Print, from the listing below, the lines starting at the line containing "Intricate abstract artwork" and ending at the line containing "Alt: Freelancer w", exactly as they stand, and print nothing else.

§ The input:
****************
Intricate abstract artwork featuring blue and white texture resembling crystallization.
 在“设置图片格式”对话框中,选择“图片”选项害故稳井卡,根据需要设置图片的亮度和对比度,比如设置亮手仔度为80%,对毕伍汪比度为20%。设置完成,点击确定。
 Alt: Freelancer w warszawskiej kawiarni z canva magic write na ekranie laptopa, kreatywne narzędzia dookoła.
****************
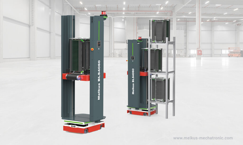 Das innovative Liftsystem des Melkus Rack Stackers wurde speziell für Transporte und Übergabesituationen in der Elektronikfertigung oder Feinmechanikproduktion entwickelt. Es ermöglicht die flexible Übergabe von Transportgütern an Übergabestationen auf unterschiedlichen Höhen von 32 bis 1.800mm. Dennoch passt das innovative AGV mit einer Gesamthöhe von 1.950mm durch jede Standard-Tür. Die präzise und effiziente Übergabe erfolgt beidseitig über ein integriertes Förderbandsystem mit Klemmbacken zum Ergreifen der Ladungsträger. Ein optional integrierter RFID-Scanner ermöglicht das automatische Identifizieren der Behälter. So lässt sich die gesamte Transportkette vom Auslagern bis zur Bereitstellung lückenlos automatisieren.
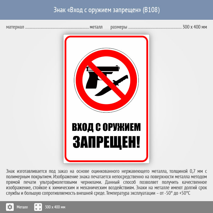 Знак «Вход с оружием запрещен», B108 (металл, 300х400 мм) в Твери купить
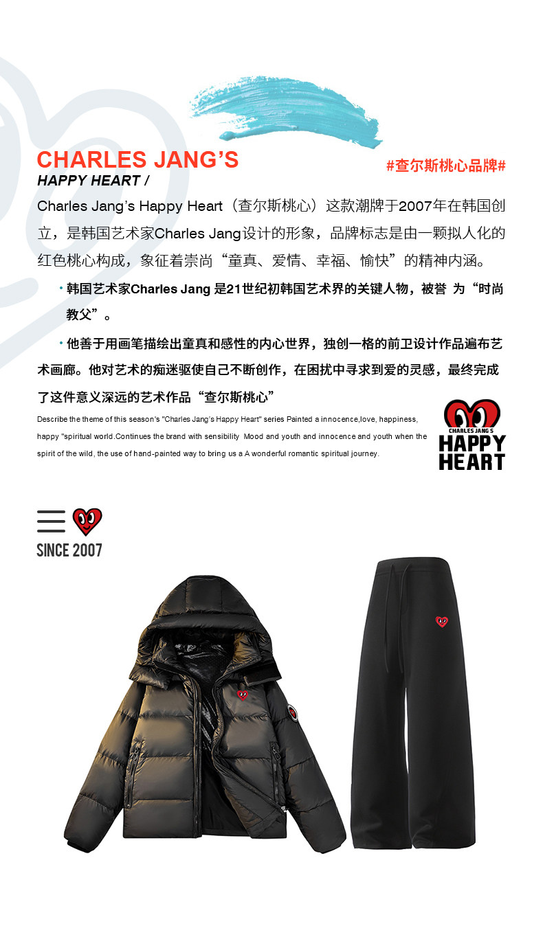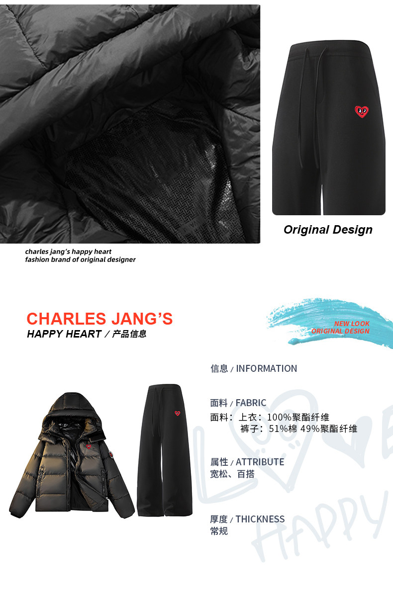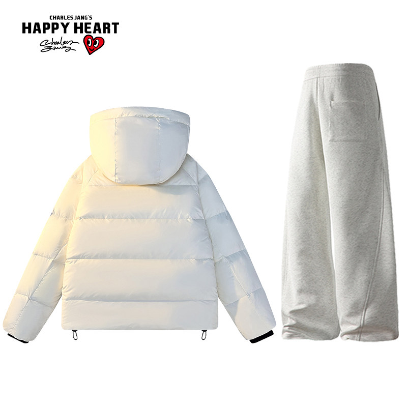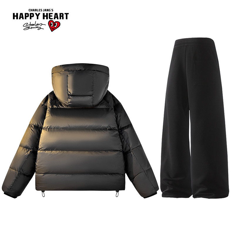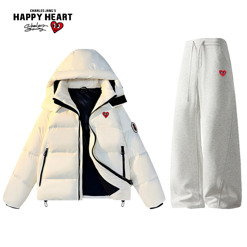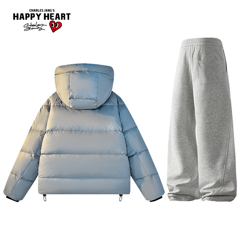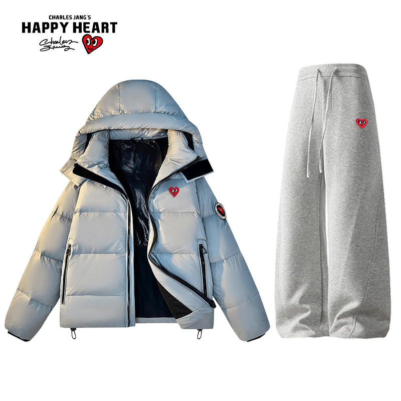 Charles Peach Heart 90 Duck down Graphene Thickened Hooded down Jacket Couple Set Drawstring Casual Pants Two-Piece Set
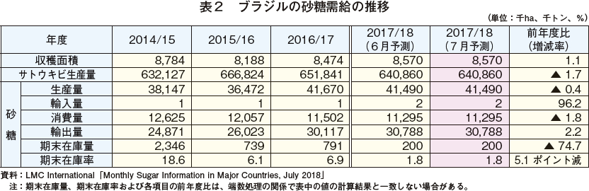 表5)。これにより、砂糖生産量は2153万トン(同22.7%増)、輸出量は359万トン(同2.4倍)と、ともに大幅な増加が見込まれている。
****************
§ Your solution:
Intricate abstract artwork featuring blue and white texture resembling crystallization.
 在“设置图片格式”对话框中,选择“图片”选项害故稳井卡,根据需要设置图片的亮度和对比度,比如设置亮手仔度为80%,对毕伍汪比度为20%。设置完成,点击确定。
 Alt: Freelancer w warszawskiej kawiarni z canva magic write na ekranie laptopa, kreatywne narzędzia dookoła.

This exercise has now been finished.